Tunisian presidential candidate Ayachi Zammel has been sentenced to six months in prison for falsifying documents.
The Criminal Chamber of the Jendouba Court of First Instance sentenced Zammel to six months in prison for “deliberately using a fraudulent certificate”.
Last week, Zammel was sentenced to 20 months in prison last week on charges of falsifying popular endorsements.
Zammel, a businessman who was little-known to the general public before his presidential bid, was arrested on September 2 on suspicion of falsifying the signatures he gathered to file the candidacy papers needed to run for president.
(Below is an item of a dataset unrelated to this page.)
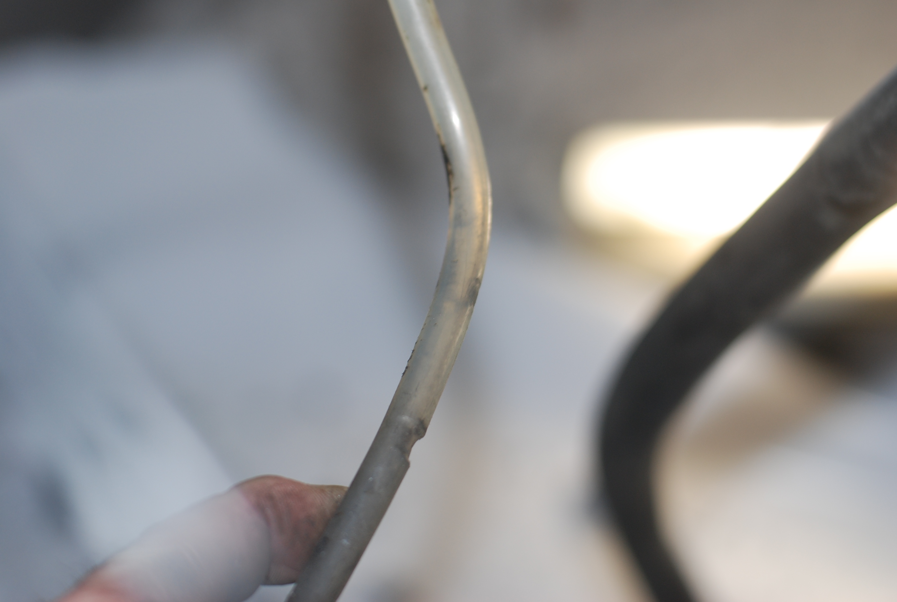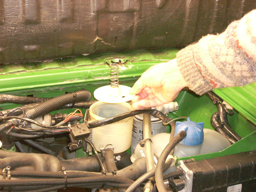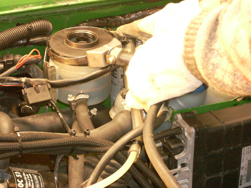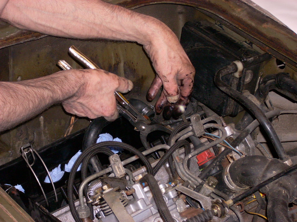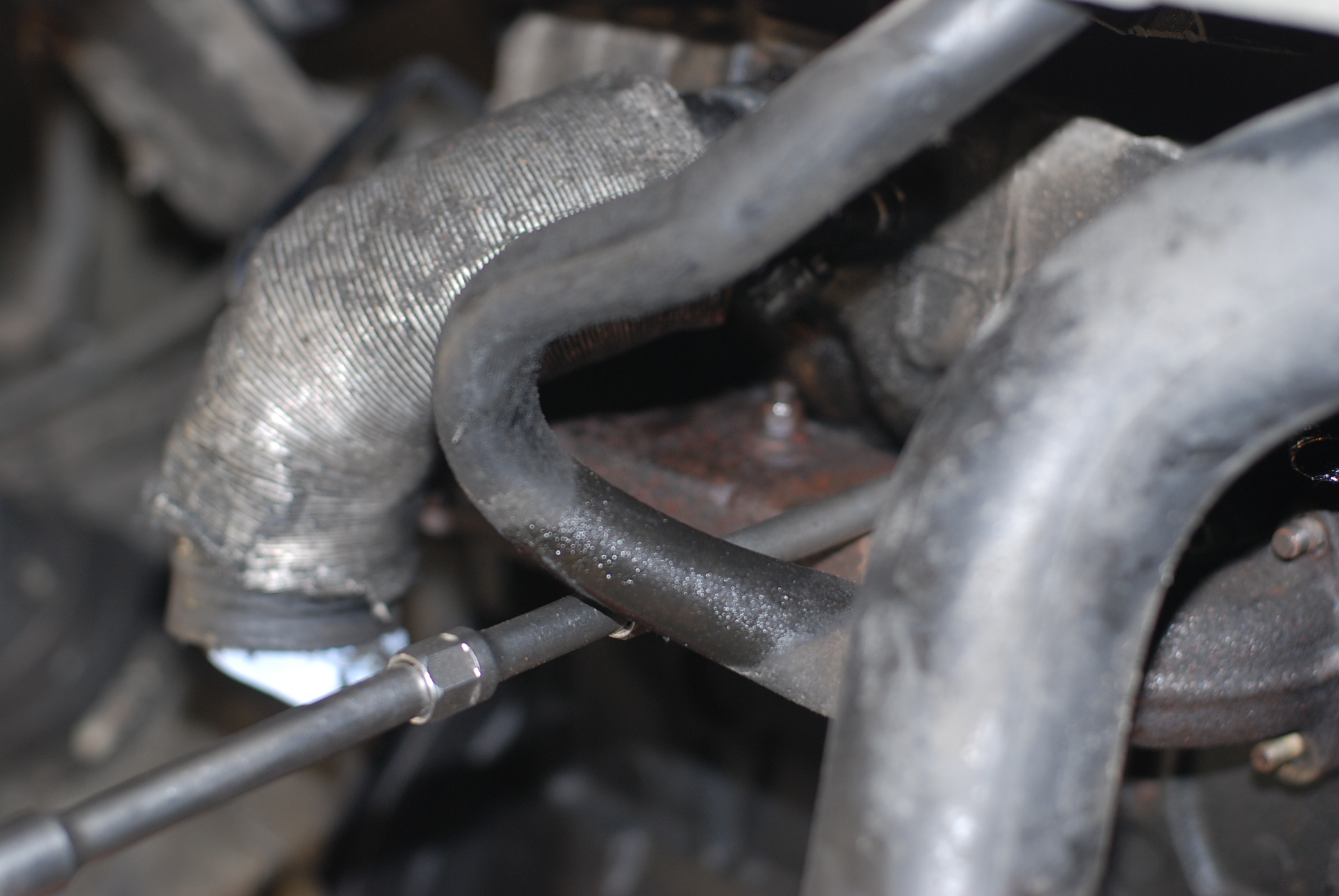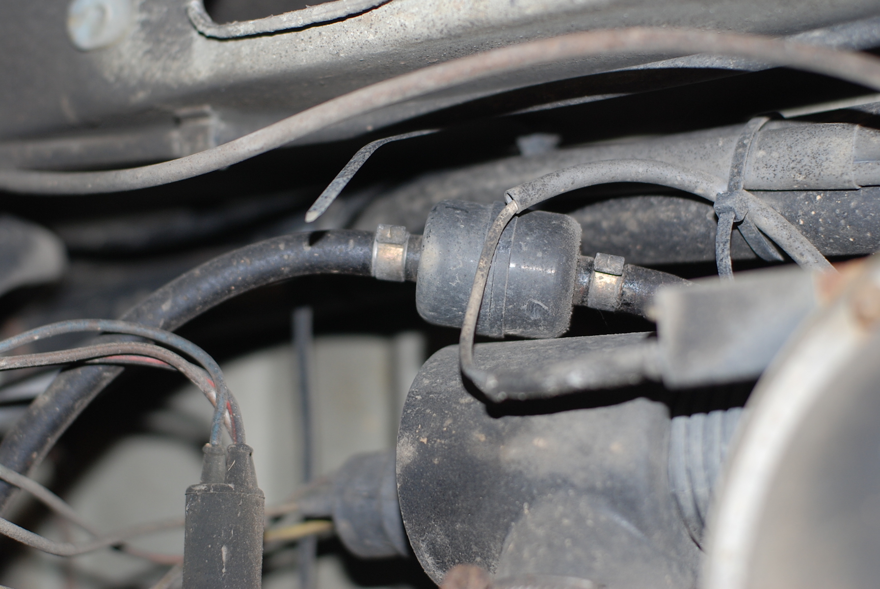 De laatste leiding aan de koppelingsnemer is niet meer verkrigbaar en werd bij mijn T3 al eens vervangen door een nylon leiding.Op mijn zolder vond ik echter nog een goede originele leiding.

The head of Tunisia’s Azimoun party is one of only three approved candidates, running against incumbent Saied and Zouhair Magzhaoui, a former Saied supporter whose pan-Arabist party Echaab party was previously close to the president.
After a court required Tunisia’s election authority to reinstate the three candidates, one of them — Abdellatif El Mekki — was arrested on charges that stemmed from a 2014 murder investigation that critics have called politically motivated.
Saied, who is seeking a second term, won power in a 2019 election. But he later orchestrated a sweeping power grab in 2021, shutting down Parliament and ruling by decree. Opposition figures were also jailed.
Saied’s two most prominent critics, the right-wing Free Destourian Party’s Abir Moussi and the Islamist party Ennahdha’s Rached Ghannouchi, have also been in prison since last year.